Supreme Court Holds that 14-Day Limit for Appealing Class-Certification Orders is Inflexible

The Supreme Court’s February 26, 2019 opinion in Nutraceutical Corp. v. Lambert, No. 17-1094, unanimously holds that Federal Rule of Civil Procedure 23(f) is not subject to equitable tolling. In other words, no matter what the circumstances, federal appellate courts cannot consider interlocutory appeals of district court class-action certification decisions if a review petition is filed beyond the 14 days allowed by Rule 23(f).

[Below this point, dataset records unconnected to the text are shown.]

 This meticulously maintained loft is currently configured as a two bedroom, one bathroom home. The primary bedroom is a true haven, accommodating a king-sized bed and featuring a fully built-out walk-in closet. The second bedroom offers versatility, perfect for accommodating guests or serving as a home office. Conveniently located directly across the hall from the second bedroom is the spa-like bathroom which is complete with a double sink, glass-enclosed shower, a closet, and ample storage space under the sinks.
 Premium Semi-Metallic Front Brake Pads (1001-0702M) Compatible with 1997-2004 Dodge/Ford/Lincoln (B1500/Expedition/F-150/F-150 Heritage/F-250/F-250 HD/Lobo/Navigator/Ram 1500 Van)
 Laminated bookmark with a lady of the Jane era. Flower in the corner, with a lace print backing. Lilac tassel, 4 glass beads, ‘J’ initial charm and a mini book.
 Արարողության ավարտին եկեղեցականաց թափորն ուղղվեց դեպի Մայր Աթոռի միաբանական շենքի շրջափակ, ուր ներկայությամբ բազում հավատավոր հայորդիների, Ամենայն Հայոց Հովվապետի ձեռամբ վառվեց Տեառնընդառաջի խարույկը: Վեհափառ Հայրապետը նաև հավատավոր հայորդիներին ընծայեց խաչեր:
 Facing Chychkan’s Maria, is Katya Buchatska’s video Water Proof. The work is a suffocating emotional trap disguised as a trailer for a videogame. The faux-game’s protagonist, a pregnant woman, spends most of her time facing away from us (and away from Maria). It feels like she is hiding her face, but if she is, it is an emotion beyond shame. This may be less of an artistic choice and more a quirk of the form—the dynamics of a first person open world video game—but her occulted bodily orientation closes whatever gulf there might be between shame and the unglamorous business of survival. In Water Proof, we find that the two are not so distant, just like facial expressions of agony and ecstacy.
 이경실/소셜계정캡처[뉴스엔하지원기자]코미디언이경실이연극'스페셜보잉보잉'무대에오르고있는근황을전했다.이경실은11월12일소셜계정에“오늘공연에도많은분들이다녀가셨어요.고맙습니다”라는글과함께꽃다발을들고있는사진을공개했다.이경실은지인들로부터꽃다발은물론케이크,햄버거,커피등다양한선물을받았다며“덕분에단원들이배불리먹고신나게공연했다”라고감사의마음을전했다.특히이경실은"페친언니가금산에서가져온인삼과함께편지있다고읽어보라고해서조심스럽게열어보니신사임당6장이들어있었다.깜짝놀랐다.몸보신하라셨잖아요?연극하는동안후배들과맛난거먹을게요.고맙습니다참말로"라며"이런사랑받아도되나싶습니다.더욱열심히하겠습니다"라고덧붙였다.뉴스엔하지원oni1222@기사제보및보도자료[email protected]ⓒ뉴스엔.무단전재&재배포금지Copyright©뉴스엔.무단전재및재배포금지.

Under Rule 23(f), a court of appeals is authorized to “permit an appeal from an order granting or denying class-action certification . . . if a petition for permission to appeal is filed . . . within 14 days after the order is entered.”  Slip op. at 3 (emphasis added).  In Nutraceutical the Respondent filed a Rule 23(f) petition with the Ninth Circuit 14 days after a district court denied his motion for reconsideration of a class decertification order — even though that was 4 months after the original decertification order.  The Ninth Circuit held that under the circumstances, the  petition for appellate review was equitably tolled and thus timely.      

The Supreme Court indicated that “[b]ecause Rule 23(f)’s time limitation is found in a procedural rule, not a statute, it is properly classified as a nonjurisdictional claim-processing rule,” and “therefore can be waived or forfeited by an opposing party.”  Id. at 3-4.  Nonetheless, according to the Court, the nonjurisdictional nature of Rule 23(f) does not “render it malleable in every respect.”  Id. at 4.  “Whether a rule precludes equitable tolling turns not on its jurisdictional character but rather on whether the text of the rule leaves room for such flexibility.”  Id.

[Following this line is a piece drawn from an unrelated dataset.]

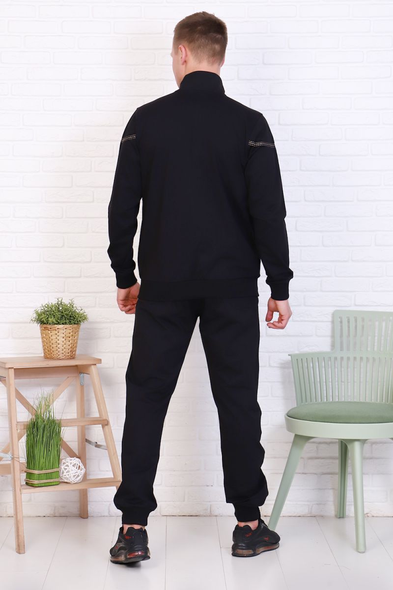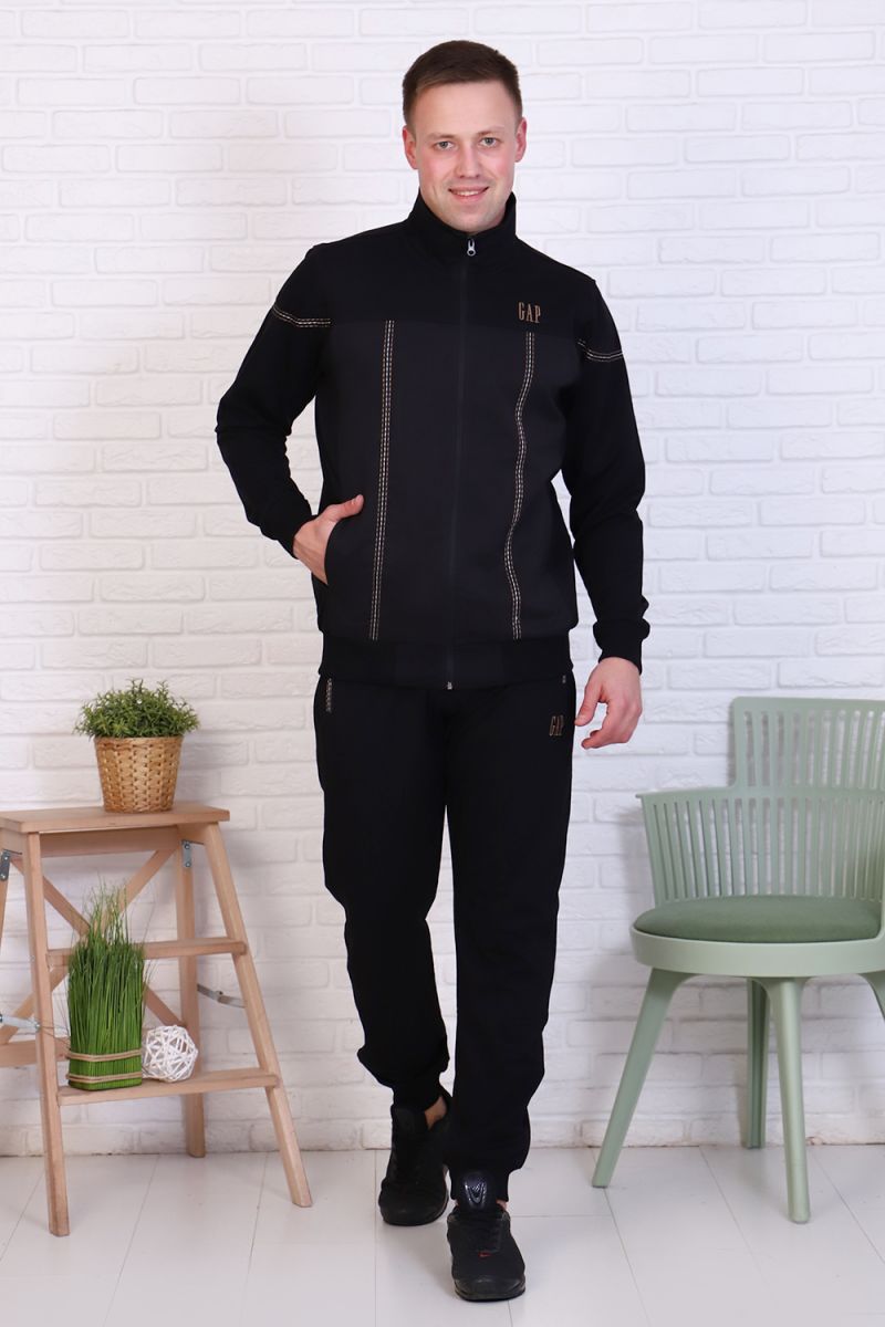 Костюм мужской изготовлен из ткани неброских оттенков. Ткань не линяет и не теряет своих свойст при многократных стирках и длительной носке. Костюм универсального использования, как в помещении, так и на свежем воздухе. Отличный вариант для занятия спортом или прогулок на свежем воздухе в весенне-осенний периоды и период летнего похолодания. Костюм свободного кроя, не стесняет движения. Для удобства брюки и толстовка имеют манжеты. Отделка в виде цветной строчки добавляет образу индивидуальность. Костюм (и на толстовке, и на брюках) дополнен внутренними карманами без молнии, дополнительно сзади справа на брюках нашит карман. Воротник-стойка послужит качественной защитой от ветра. Застежка толстовки - качественная молния по всей длине, позволяющая регулировать уровень защищенности в зависимости от погодных условий. Мужчины разных возрастов в представленном костюме будут выглядеть стильно и мужественно.
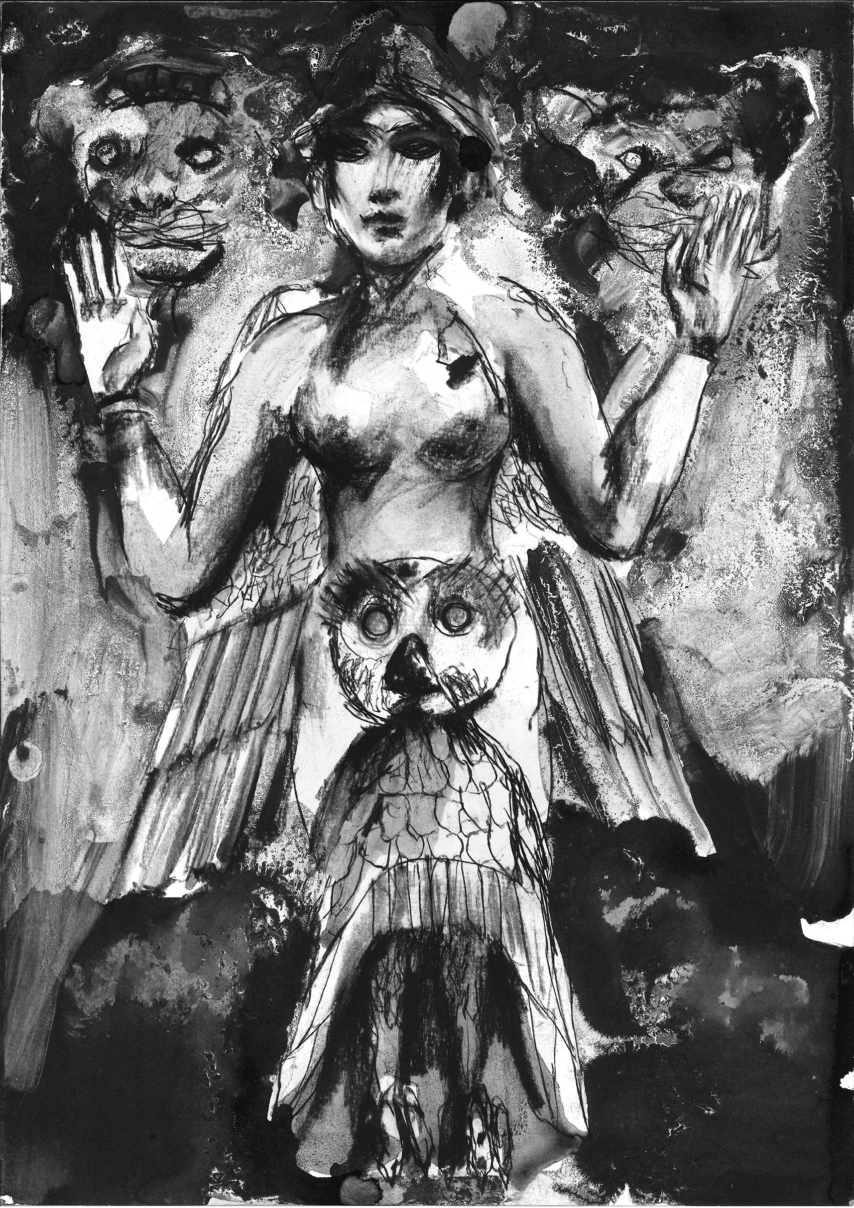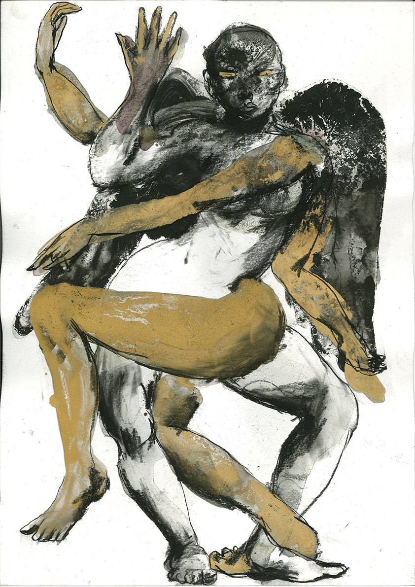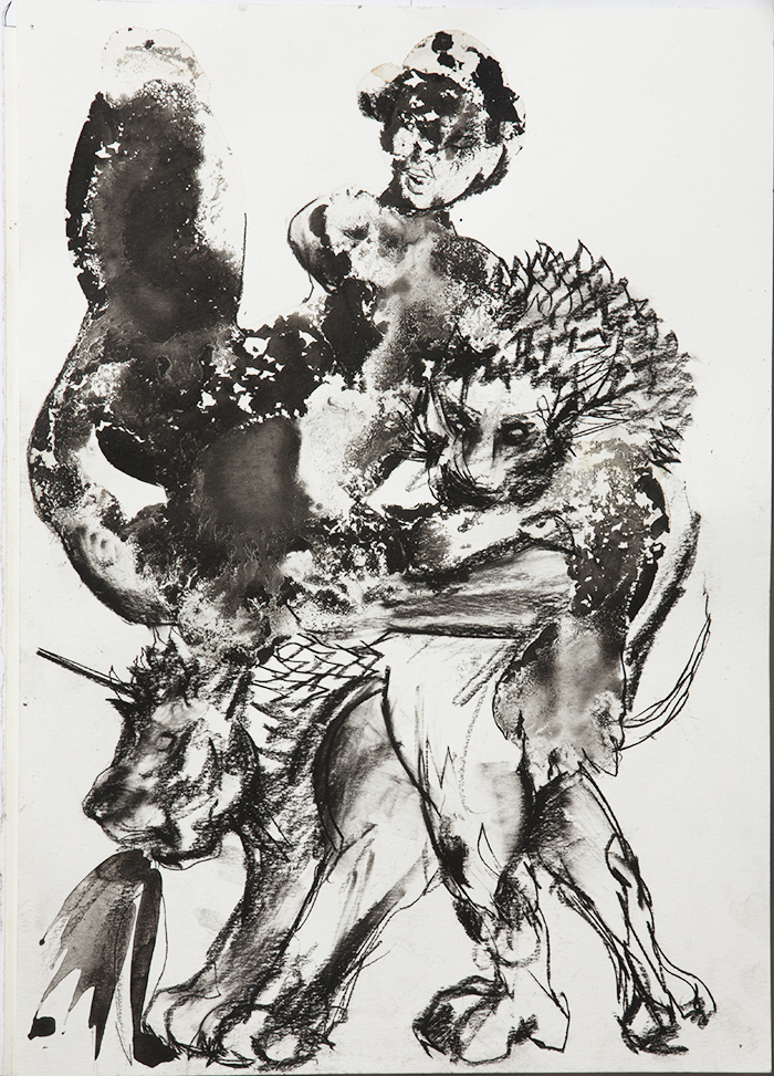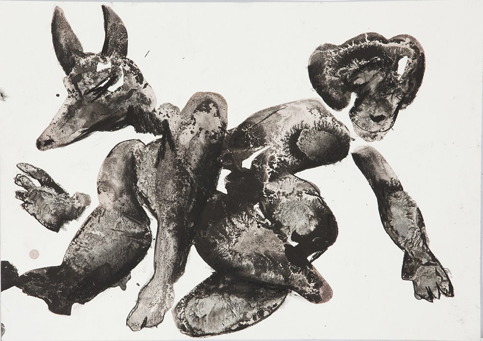 ink, acrylic and oil on paper 151 x 121cm 2021

The Court found that “the Federal Rules of Appellate Procedure single out Civil Rule 23(f ) for inflexible treatment.” Id. at 5.  The Court indicated that under “Appellate Rule 26(b) . . . A court of appeals ‘may not extend the time to file . . . a petition for permission to appeal.'” Id. (quoting Fed. R. App. P. 26(b)(1)). “In other words, Appellate Rule 26(b) says that the deadline for the precise type of filing at issue here may not be extended.”  Id.  The Court left open, however, the question of whether the Respondent’s Rule 23(f) petition was timely without resort to tolling (e.g., the question of whether the denial of the motion for reconsideration of the decertification order was itself an order denying class certification that triggers (or re-triggers) the 14-day period for seeking appellate review.  Id. at 9-10.

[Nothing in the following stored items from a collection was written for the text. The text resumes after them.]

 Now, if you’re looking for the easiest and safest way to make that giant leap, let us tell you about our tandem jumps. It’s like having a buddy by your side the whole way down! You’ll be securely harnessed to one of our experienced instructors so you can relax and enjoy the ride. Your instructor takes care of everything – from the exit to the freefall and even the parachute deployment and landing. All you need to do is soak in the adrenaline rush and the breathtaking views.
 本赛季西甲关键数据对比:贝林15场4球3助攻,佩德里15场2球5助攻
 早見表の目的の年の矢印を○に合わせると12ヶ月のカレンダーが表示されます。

Rule 23(f) was promulgated in accordance with 28 U.S.C. § 1292(e), which states that “[t]he Supreme Court may prescribe rules . . . to provide for an appeal of an interlocutory decision to the courts of appeals that is not otherwise provided for under [§§ 1292(a), (b), (c), and (d)].”  The Court’s rationale in Nutraceutical presumably would apply to any other federal interlocutory appeal rule promulgated under § 1292(e).